NU††ER WA†CH
Kentucky Senate President Robert Stivers wept on the Senate floor Monday in talking about how hurt he was to see the University of Kentucky men’s basketball team kneeling during the national anthem before a game Saturday at Florida.
Stivers said the kneeling is protected by freedom of speech. “Was it at the right place or the right time, that is debatable,” he said before reading a letter of his uncle, Franklin Stivers, in combat during the Korean War in December 1950, and talking about his son’s duty in the military.
Laurel County Sheriff John Root and Jailer Jamie Mosely held a “burning party” of UK basketball apparel in protest. Root said on a Facebook post that UK may have won the game but lost respect. He criticized coach John Calipari, who joined the team in kneeling, for allowing the event.

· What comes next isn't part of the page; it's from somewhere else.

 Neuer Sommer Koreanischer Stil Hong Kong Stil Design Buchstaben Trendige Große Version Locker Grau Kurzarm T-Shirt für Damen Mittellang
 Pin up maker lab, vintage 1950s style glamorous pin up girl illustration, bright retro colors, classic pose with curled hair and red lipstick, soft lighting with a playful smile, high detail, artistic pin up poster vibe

UK coach John Calipari, who knelt with his players, defended their decision to do so Saturday.
“These kids are good kids,” he said. “They care about this country and all the other stuff. They’re trying to figure out life and making statements they think they have to make. I want to listen to what they’re saying, and then I’ll support them if they want me to be there.”

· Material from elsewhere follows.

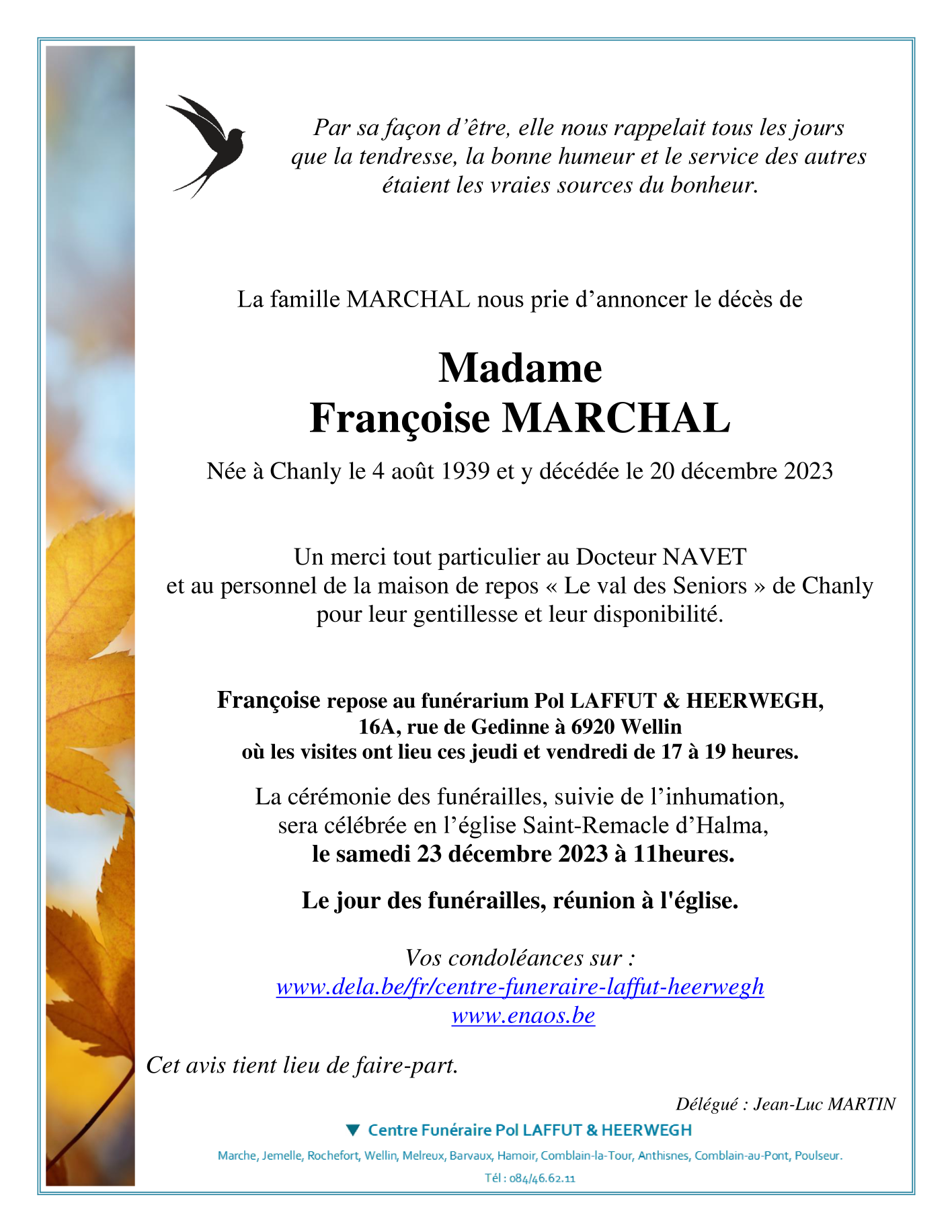Overleden te Chanly (6921) op woensdag 20 december 2023 op 84-jarige leeftijd

“Six of these players come from military families,” he said. “Either their father was in the military, their brother, their uncle, a couple of them, their grandfathers. They were in the military. This wasn’t about the military. … (Athletic director) Mitch Barnhart comes from a military family. We are supportive of all those things and our school is. But this came from their heart, and it was peaceful.”